◆ **SUPPLIED RECORDS**
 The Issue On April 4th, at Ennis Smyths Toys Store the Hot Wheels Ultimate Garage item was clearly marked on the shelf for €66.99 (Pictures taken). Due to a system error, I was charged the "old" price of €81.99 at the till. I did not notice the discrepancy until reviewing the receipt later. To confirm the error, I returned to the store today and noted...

==

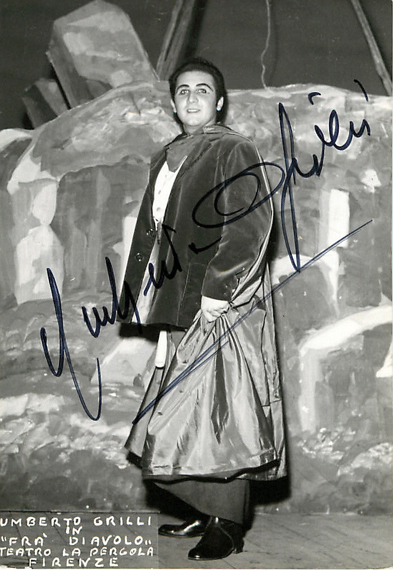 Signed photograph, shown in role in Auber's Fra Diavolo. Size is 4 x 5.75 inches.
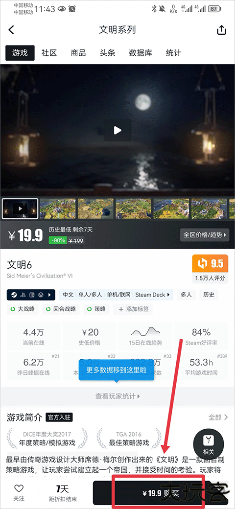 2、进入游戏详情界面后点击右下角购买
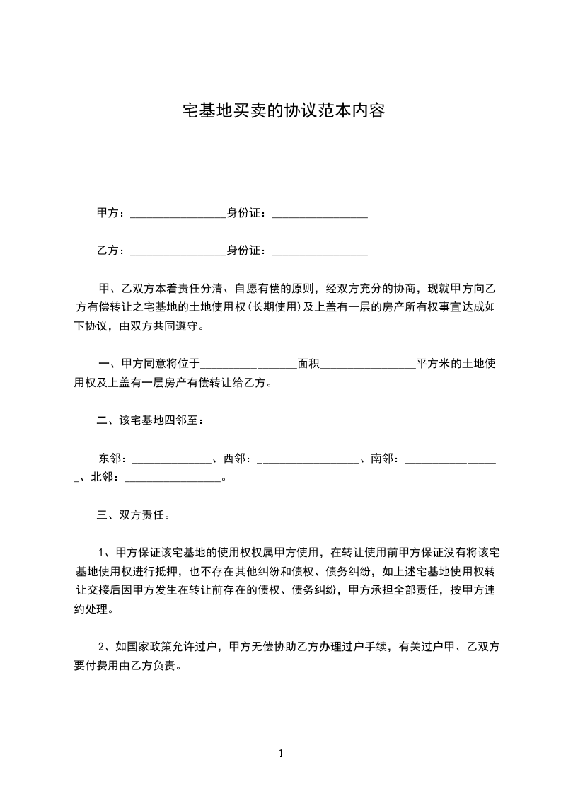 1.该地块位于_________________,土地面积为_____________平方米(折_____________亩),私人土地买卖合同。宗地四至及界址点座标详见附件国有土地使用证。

◆ **WHAT THE TASK ASKS**
Look above for the line with "Signed photograph, shown"; quote it and every line after it, stopping after the line with "1.该地块位于_______", exactly, with nothing added and without pictures.

◆ **EXPECTED ANSWER**
 Signed photograph, shown in role in Auber's Fra Diavolo. Size is 4 x 5.75 inches.
 2、进入游戏详情界面后点击右下角购买
 1.该地块位于_________________,土地面积为_____________平方米(折_____________亩),私人土地买卖合同。宗地四至及界址点座标详见附件国有土地使用证。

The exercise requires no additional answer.